== DATA TO PROCESS ==
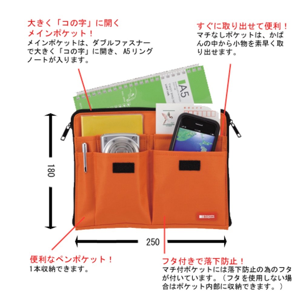 Insert's slim design fits comfortably into larger bags and helps keep contents more organized
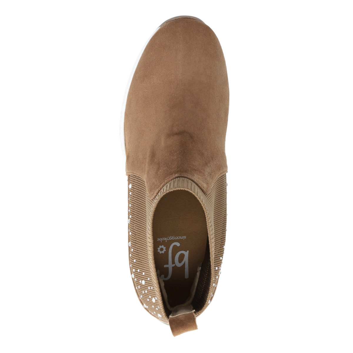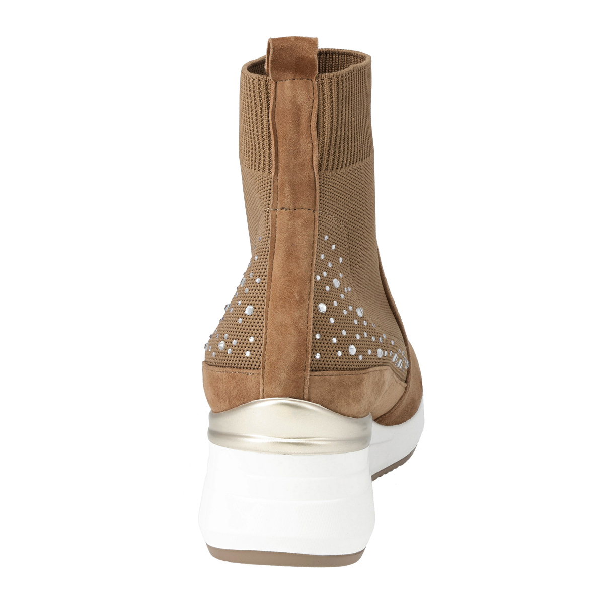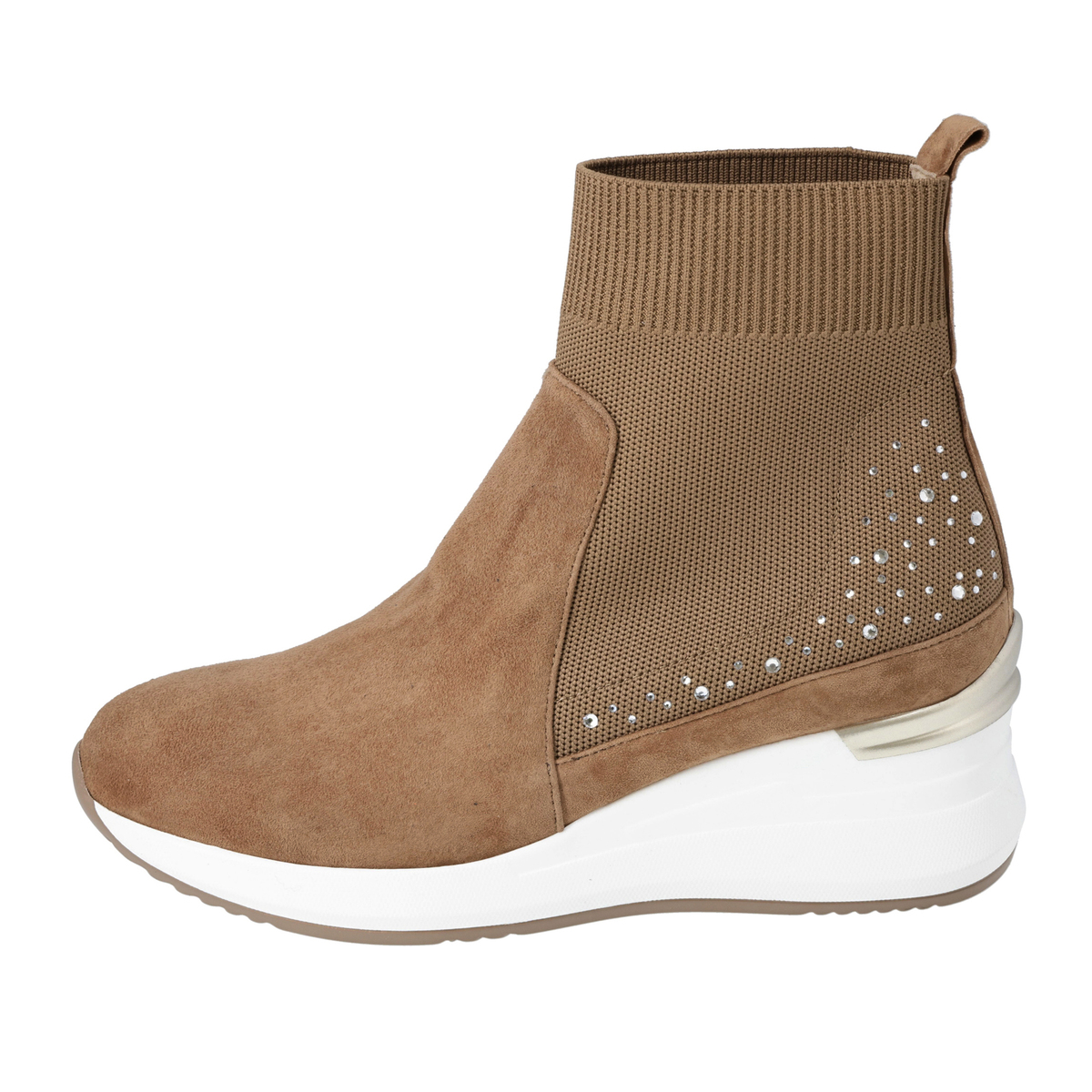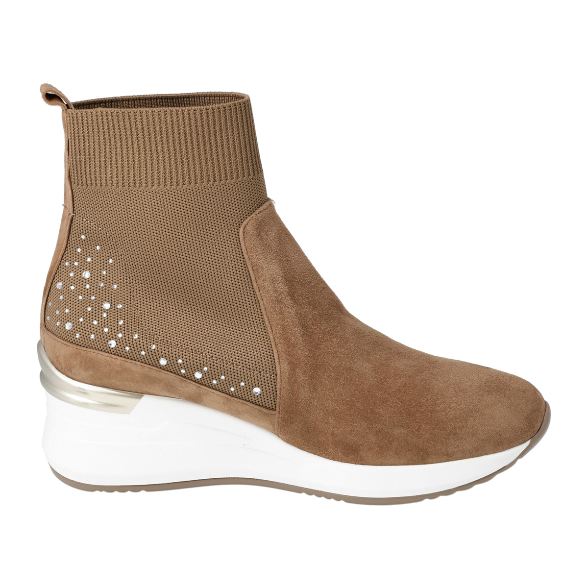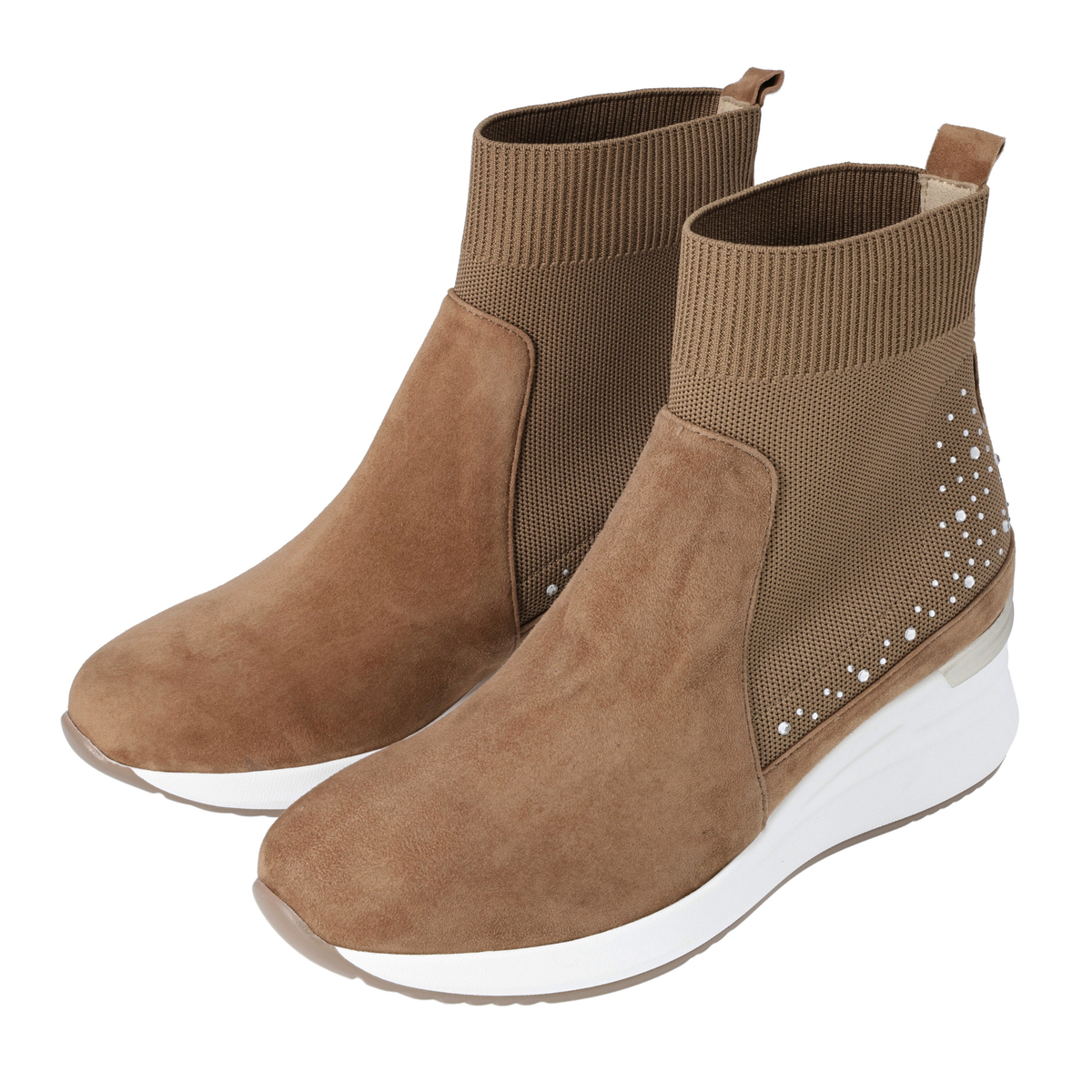レザーとニットを組合せたスニーカーブーツ。アッパーの両サイドにラインストーンをあしらい、ビューフォートらしくエレガントに仕上げました
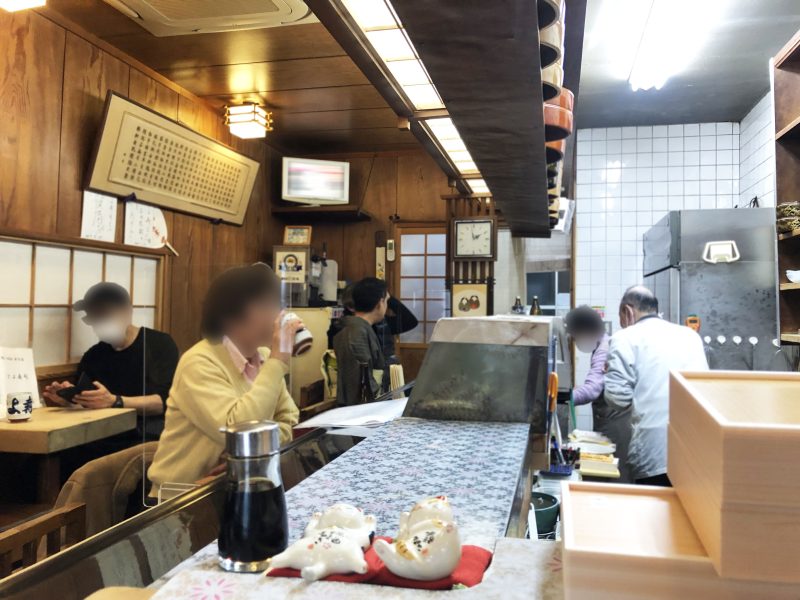 セットメニューであれば¥2,000を超えるものはなく、「ちらし」¥1,350や「海鮮丼」¥1,500なども人気です。ちょっと贅沢なランチにはピッタリな価格設定となっていて、ミドルやシニアのお客さんが多い感じとなっています。もちろん本格的な寿司店ですので、お昼からお好みで握り寿司などを楽しむことも可能。管理人のような貧乏人にとって“お好みで握り寿司”と書くだけで震えが止まりませんが、だいたいのお客さんはお昼はセットメニューですので安心です。そしてこちらの一番人気は何と言っても「中おち丼」¥1,000です。数量限定ではあるものの、新鮮なマグロをたっぷりと堪能できる逸品。しかも¥1,000と超お値打ち!遅い時刻の訪問となってしまったため、「中おち丼」にはありつけないかも…と不安を抱きつつ、早速店内へ入ってみました。
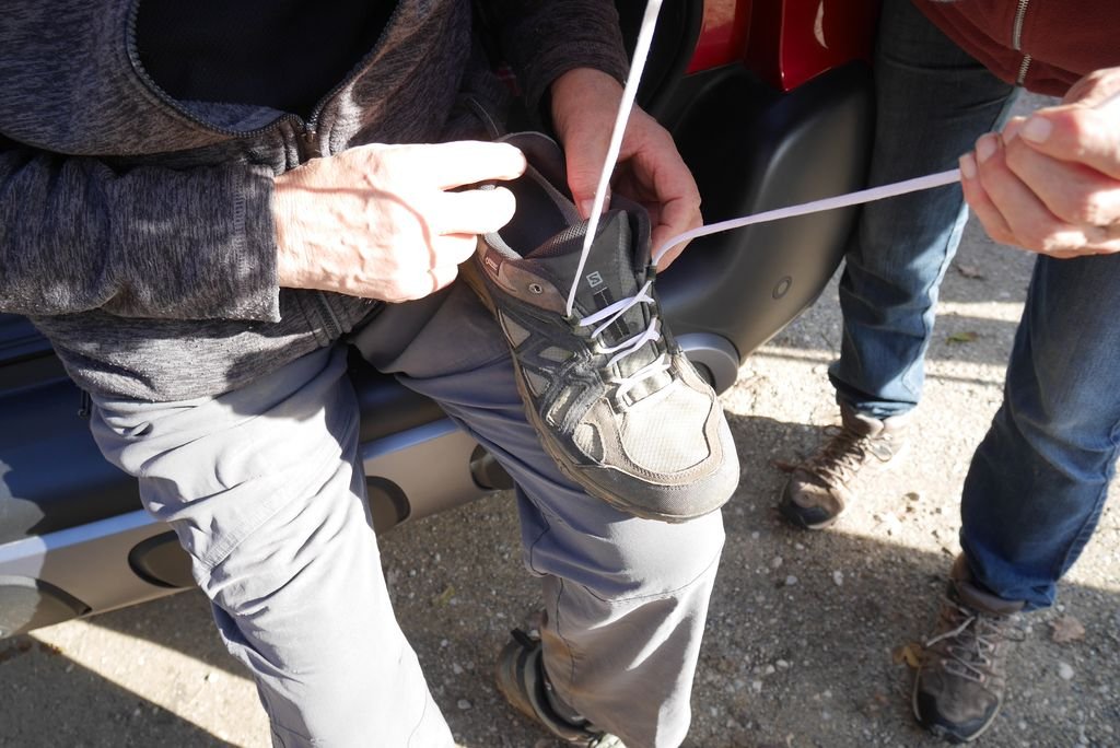 Nous partons de l’aire de pique-nique située à la sortie de Mauroux après avoir opéré un changement de lacet de la chaussure de Daniel, le précédent ayant rendu l’âme !
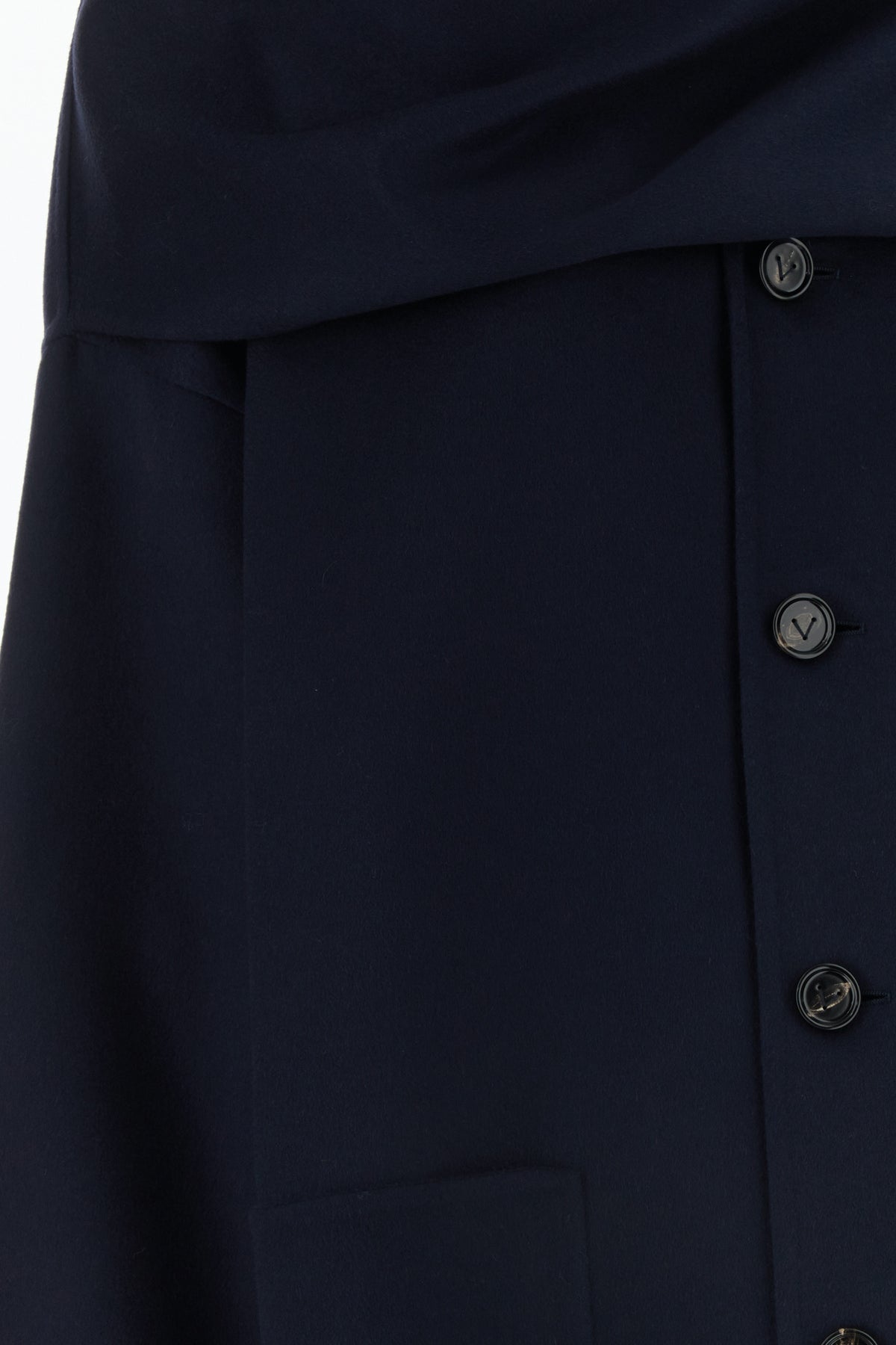 Coat realized in wool and cashmere enriched by partially detachable tonal fabric panel at the top.
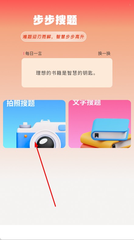 1、打开步步知新,进入步步搜题页,选拍照搜题。
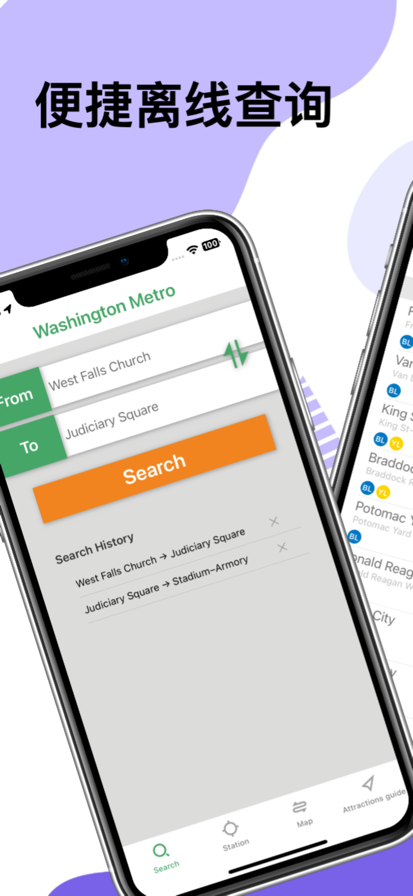 Washington DC Metro and Bus is the region's most popular dedicated DC transit app. Realtime rail and bus predictions and DC Metro map directly from WMATA (Washington Metropolitan Area Transit Authority), ART (Arlington Transit) and DC Circulator, serving Washington DC, Northern Virginia and Maryland. -Realtime DC Metro Rail predictions (Next Train) for every Metro station in the Washington DC region with auto refresh direct from WMATA. -Realtime DC Metro Bus (Next Bus) predictions for every Metro bus stop in the Washington DC region with auto refresh direct from WMATA. -Realtime data for ART bus (Arlington Transit) -A personal AI Assistant to answer your questions about the region's transit system. -Serving the entire Washington DC Metro area. -Location based Metro station finder to locate Metro stations nearby. -Location based bus stop finder to locate Metro bus stops nearby. -Mapping for Washington DC Metro rail stations and bus stops. -Save commonly used Metro stations and stops into your Favorites list for easy access. -Look up DC Metro bus stop predictions directly by the bus stop number. -Check to see if WMATA is broadcasting any rail alerts or disruptions. -Access the WMATA DC Metro map to plan your route. -And of course, FREE Upgrade with a Premium Access subscription and get rid of the ads. You must have network access to use these resources. This app is not published, sponsored or approved by WMATA. Terms of Use (EULA): https://www.apple.com/legal/internet-services/itunes/dev/stdeula/

== TASK REQUIREMENTS ==
Retype every entry exactly, but keep the pictures out of your copy.

== THE COMPLETED TASK ==
 Insert's slim design fits comfortably into larger bags and helps keep contents more organized
レザーとニットを組合せたスニーカーブーツ。アッパーの両サイドにラインストーンをあしらい、ビューフォートらしくエレガントに仕上げました
 セットメニューであれば¥2,000を超えるものはなく、「ちらし」¥1,350や「海鮮丼」¥1,500なども人気です。ちょっと贅沢なランチにはピッタリな価格設定となっていて、ミドルやシニアのお客さんが多い感じとなっています。もちろん本格的な寿司店ですので、お昼からお好みで握り寿司などを楽しむことも可能。管理人のような貧乏人にとって“お好みで握り寿司”と書くだけで震えが止まりませんが、だいたいのお客さんはお昼はセットメニューですので安心です。そしてこちらの一番人気は何と言っても「中おち丼」¥1,000です。数量限定ではあるものの、新鮮なマグロをたっぷりと堪能できる逸品。しかも¥1,000と超お値打ち!遅い時刻の訪問となってしまったため、「中おち丼」にはありつけないかも…と不安を抱きつつ、早速店内へ入ってみました。
 Nous partons de l’aire de pique-nique située à la sortie de Mauroux après avoir opéré un changement de lacet de la chaussure de Daniel, le précédent ayant rendu l’âme !
 Coat realized in wool and cashmere enriched by partially detachable tonal fabric panel at the top.
 1、打开步步知新,进入步步搜题页,选拍照搜题。
 Washington DC Metro and Bus is the region's most popular dedicated DC transit app. Realtime rail and bus predictions and DC Metro map directly from WMATA (Washington Metropolitan Area Transit Authority), ART (Arlington Transit) and DC Circulator, serving Washington DC, Northern Virginia and Maryland. -Realtime DC Metro Rail predictions (Next Train) for every Metro station in the Washington DC region with auto refresh direct from WMATA. -Realtime DC Metro Bus (Next Bus) predictions for every Metro bus stop in the Washington DC region with auto refresh direct from WMATA. -Realtime data for ART bus (Arlington Transit) -A personal AI Assistant to answer your questions about the region's transit system. -Serving the entire Washington DC Metro area. -Location based Metro station finder to locate Metro stations nearby. -Location based bus stop finder to locate Metro bus stops nearby. -Mapping for Washington DC Metro rail stations and bus stops. -Save commonly used Metro stations and stops into your Favorites list for easy access. -Look up DC Metro bus stop predictions directly by the bus stop number. -Check to see if WMATA is broadcasting any rail alerts or disruptions. -Access the WMATA DC Metro map to plan your route. -And of course, FREE Upgrade with a Premium Access subscription and get rid of the ads. You must have network access to use these resources. This app is not published, sponsored or approved by WMATA. Terms of Use (EULA): https://www.apple.com/legal/internet-services/itunes/dev/stdeula/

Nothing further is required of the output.